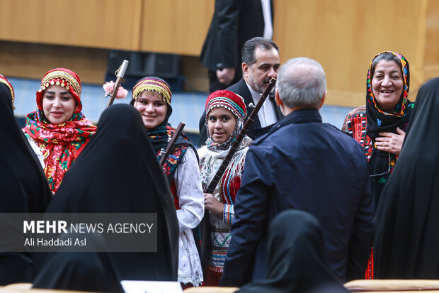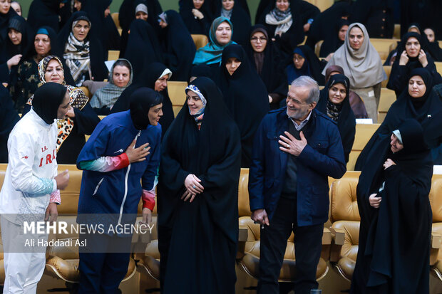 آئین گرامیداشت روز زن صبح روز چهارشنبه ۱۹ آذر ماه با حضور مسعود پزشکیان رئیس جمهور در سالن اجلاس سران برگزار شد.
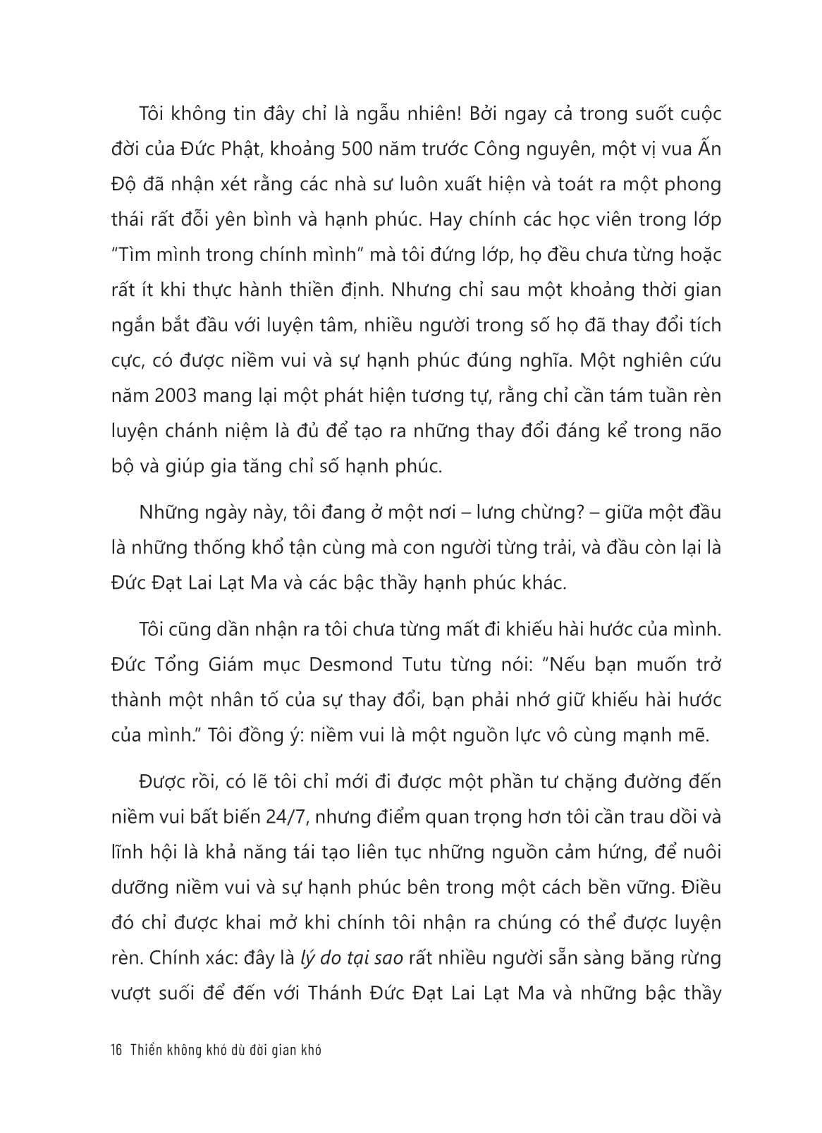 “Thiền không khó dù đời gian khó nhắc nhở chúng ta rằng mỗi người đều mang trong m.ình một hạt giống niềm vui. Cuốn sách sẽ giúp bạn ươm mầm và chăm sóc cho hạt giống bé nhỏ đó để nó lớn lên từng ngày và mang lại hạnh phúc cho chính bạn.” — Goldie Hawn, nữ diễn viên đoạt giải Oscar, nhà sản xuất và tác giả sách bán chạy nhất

...

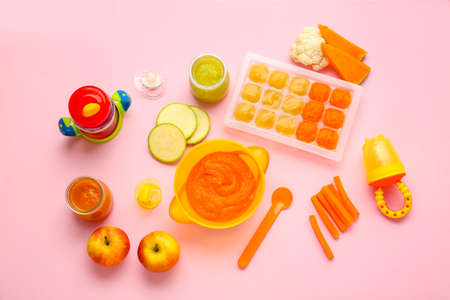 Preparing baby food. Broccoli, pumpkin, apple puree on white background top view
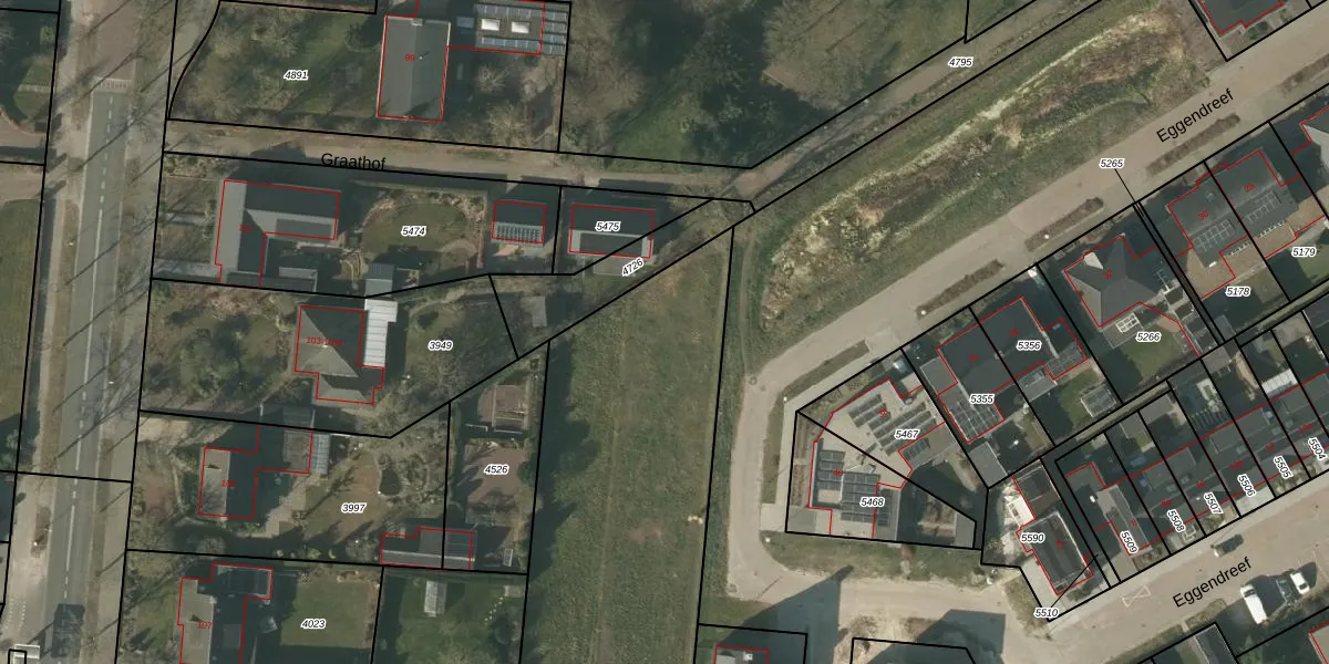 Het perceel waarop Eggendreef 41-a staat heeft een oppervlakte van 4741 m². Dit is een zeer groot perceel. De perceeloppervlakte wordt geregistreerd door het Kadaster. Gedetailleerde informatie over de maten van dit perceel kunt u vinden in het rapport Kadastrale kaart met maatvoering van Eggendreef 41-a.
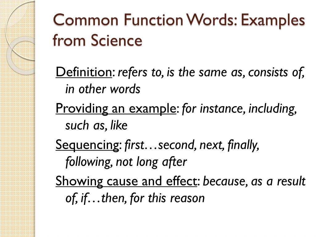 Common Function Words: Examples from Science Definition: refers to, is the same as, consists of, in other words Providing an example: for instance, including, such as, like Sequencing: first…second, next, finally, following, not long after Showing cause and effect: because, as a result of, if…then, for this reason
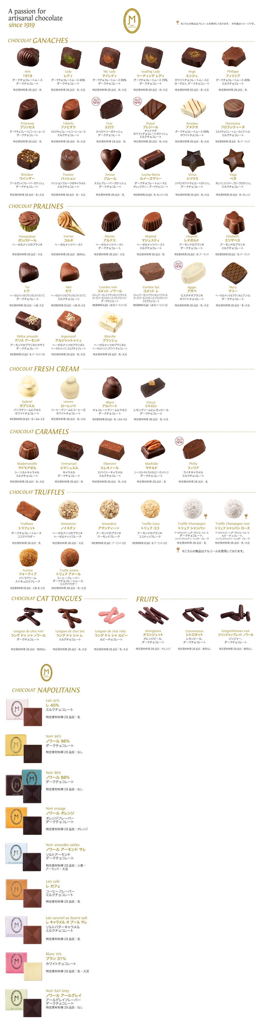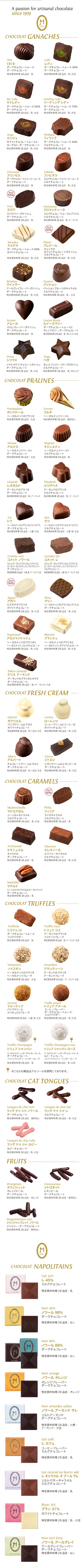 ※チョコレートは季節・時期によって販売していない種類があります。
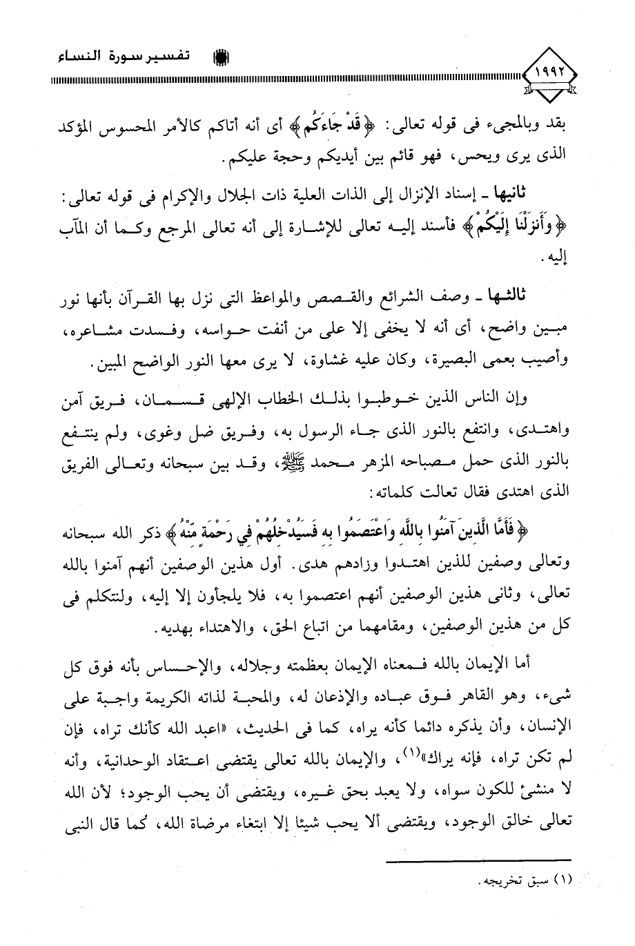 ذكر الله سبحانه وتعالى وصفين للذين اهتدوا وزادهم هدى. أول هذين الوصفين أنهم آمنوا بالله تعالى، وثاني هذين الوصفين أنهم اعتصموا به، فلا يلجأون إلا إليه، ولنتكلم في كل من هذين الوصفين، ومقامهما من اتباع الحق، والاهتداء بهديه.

* * *

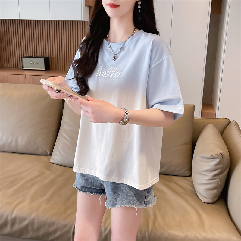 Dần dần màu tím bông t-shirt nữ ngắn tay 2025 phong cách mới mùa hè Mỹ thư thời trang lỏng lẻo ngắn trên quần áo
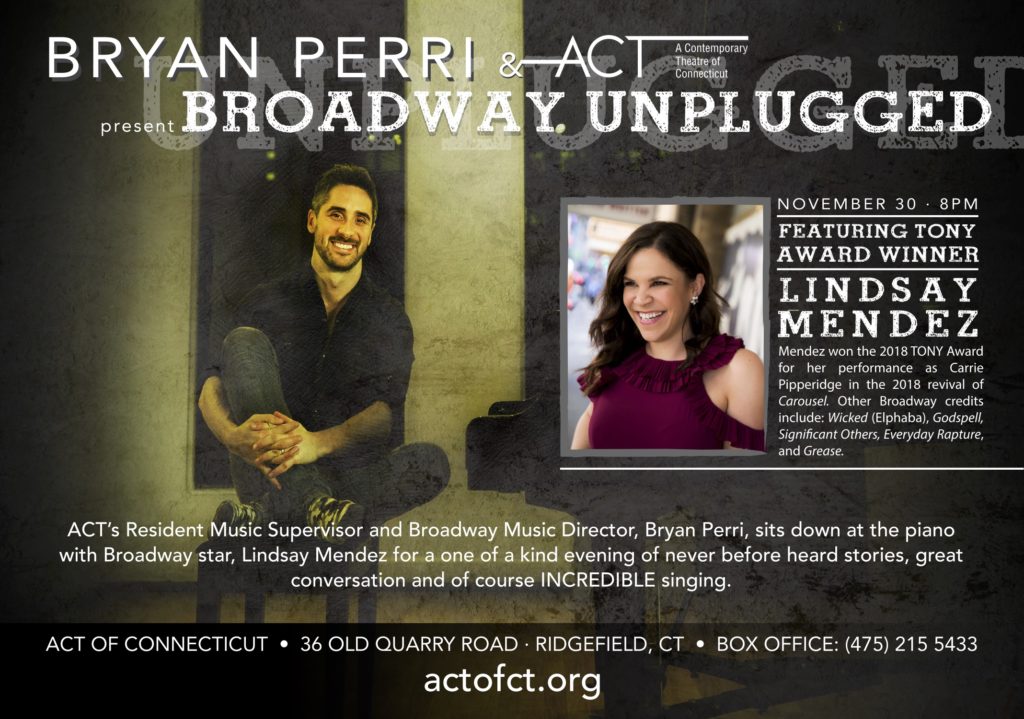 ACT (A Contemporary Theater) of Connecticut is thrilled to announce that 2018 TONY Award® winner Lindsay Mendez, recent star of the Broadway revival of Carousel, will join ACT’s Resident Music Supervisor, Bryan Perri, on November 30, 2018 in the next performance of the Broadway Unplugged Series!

▶ [What is required]
Copy the lines above exactly, starting with the line that contains "آئین گرامیداشت روز" and ending with the line that contains "bán chạy nhất", and leave out any pictures.

▶ [Task output]
 آئین گرامیداشت روز زن صبح روز چهارشنبه ۱۹ آذر ماه با حضور مسعود پزشکیان رئیس جمهور در سالن اجلاس سران برگزار شد.
 “Thiền không khó dù đời gian khó nhắc nhở chúng ta rằng mỗi người đều mang trong m.ình một hạt giống niềm vui. Cuốn sách sẽ giúp bạn ươm mầm và chăm sóc cho hạt giống bé nhỏ đó để nó lớn lên từng ngày và mang lại hạnh phúc cho chính bạn.” — Goldie Hawn, nữ diễn viên đoạt giải Oscar, nhà sản xuất và tác giả sách bán chạy nhất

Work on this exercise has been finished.